The firm said high fuel costs and low freight rates in container shipping affected first quarter 2012 performance.   

NOL’s supply chain management business, APL Logistics, reported a 7 per cent increase in first quarter revenue. Core EBIT (Earnings Before Interest and Taxes) in the logistics business was US$13m.

“There were positive signs in the first quarter – the freight rate increases in March and growth in the logistics business,” said NOL Group CEO Ng Yat Chung.  “But we must continue to aggressively manage our operating costs, and streamline our organisation for greater efficiency.”

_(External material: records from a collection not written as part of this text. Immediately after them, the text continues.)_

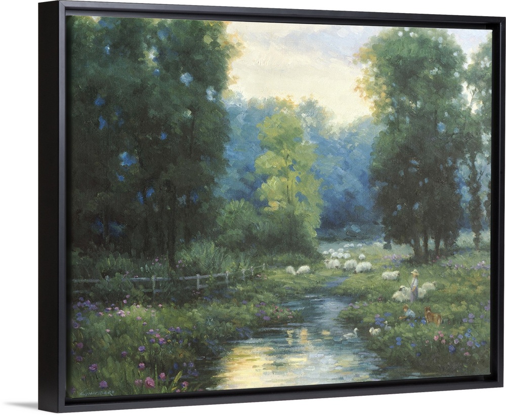 <p>Contemporary painting of an idyllic countryside scene.</p>
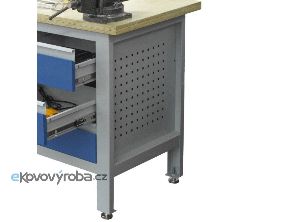 Na obou bocích je pracovní stůl vybaven děrovanou deskou.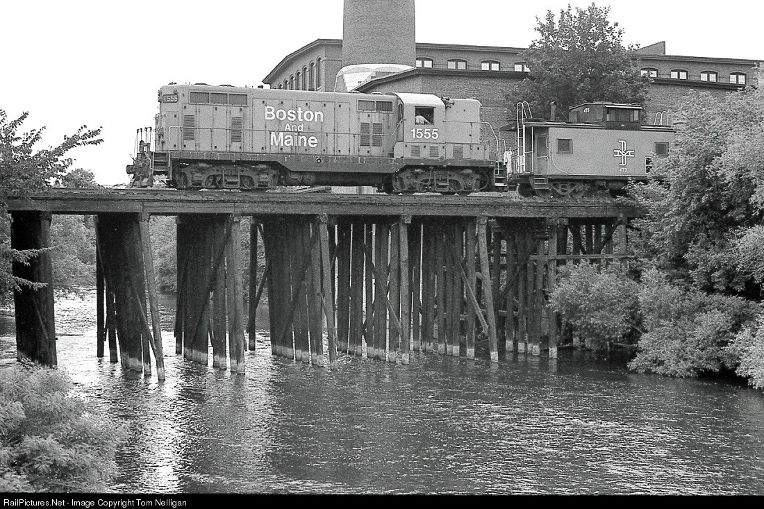 | After GP7 1555 has run around its train on the mainline, Boston & Maine local freight BO-1 out of Cambridge ventures down the Bemis Branch at Waltham, MA, crossing the Charles River past a 19th century factory. This trackage was abandoned in 1991 and the wood pile trestle was removed to ease the passage of canoes and kayaks. |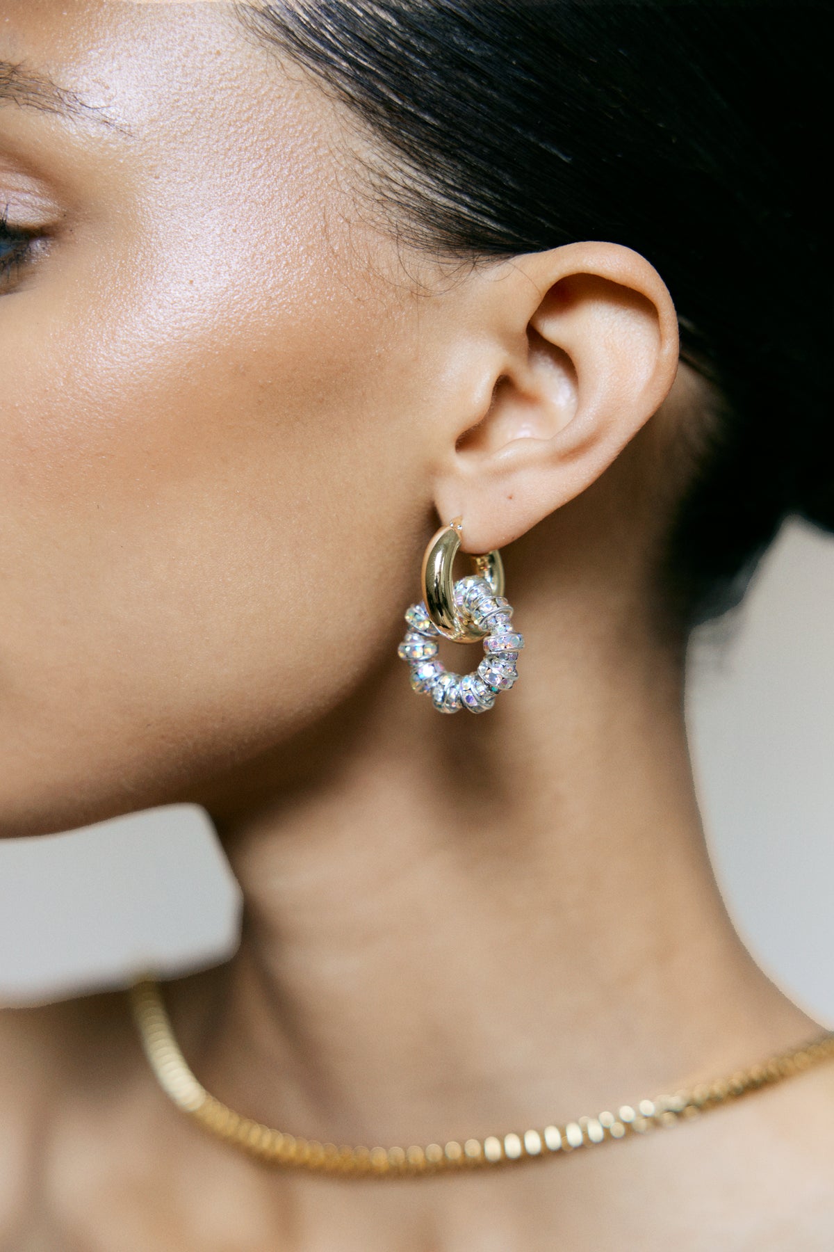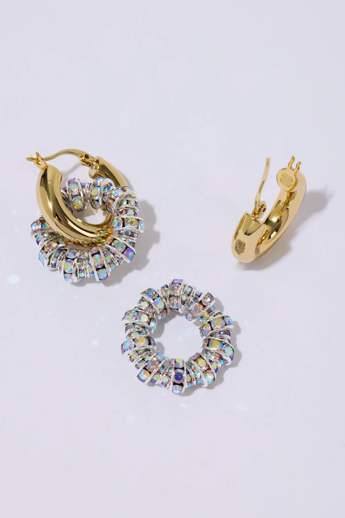 Les Créoles Petites fra Pearl Octopuss.y. Disse øreringene, som er et Pearl Octopuss.y-signatur, gjenspeiler merkets designfilosofi ved å balansere det dristige og det sofistikerte. De sølvringene kan brukes alene for et snev av stilren eleganse, eller med de glitrende krystalldonutene festet for å løfte ethvert antrekk til et nytt nivå.

APL, NOL’s liner shipping business, reported first quarter 2012 revenue of US$2bn, down 4 per cent from a year ago. Revenue per FEU (forty-foot equivalent unit) declined 7 per cent,due mostly to lower rates. Bunker fuel price increased from US$523/tonne in 1Q 2011 to US$684/tonne in 1Q2012. APL reduced fuel consumption by 75,000 tonnes even though overall cargo volume increased 4 per cent in the first quarter.

“Rates have been moving up since March, but not yet enough to offset the high cost of fuel,” said APL president Kenneth Glenn.  “Much more remains to be done to increase rates and manage down expenses.”

NOL said that in the first quarter of 2012 it achieved about US$100m of cost savings under its ongoing programme and it is on track to achieve US$500m worth of savings for 2012. The savings were primarily through reduced fuel consumption and improved operational costs. 

NOL is also undertaking an organisational restructuring that will result in an additional annual savings of about US$70m from 2013 onwards. The company said that its organisation structure around the world will be streamlined to shorten decision cycles and respond better to market changes and evolving customer needs.  

Looking ahead, the company said the group's financial performance would remain weak if conditions for rates and fuel costs do not improve.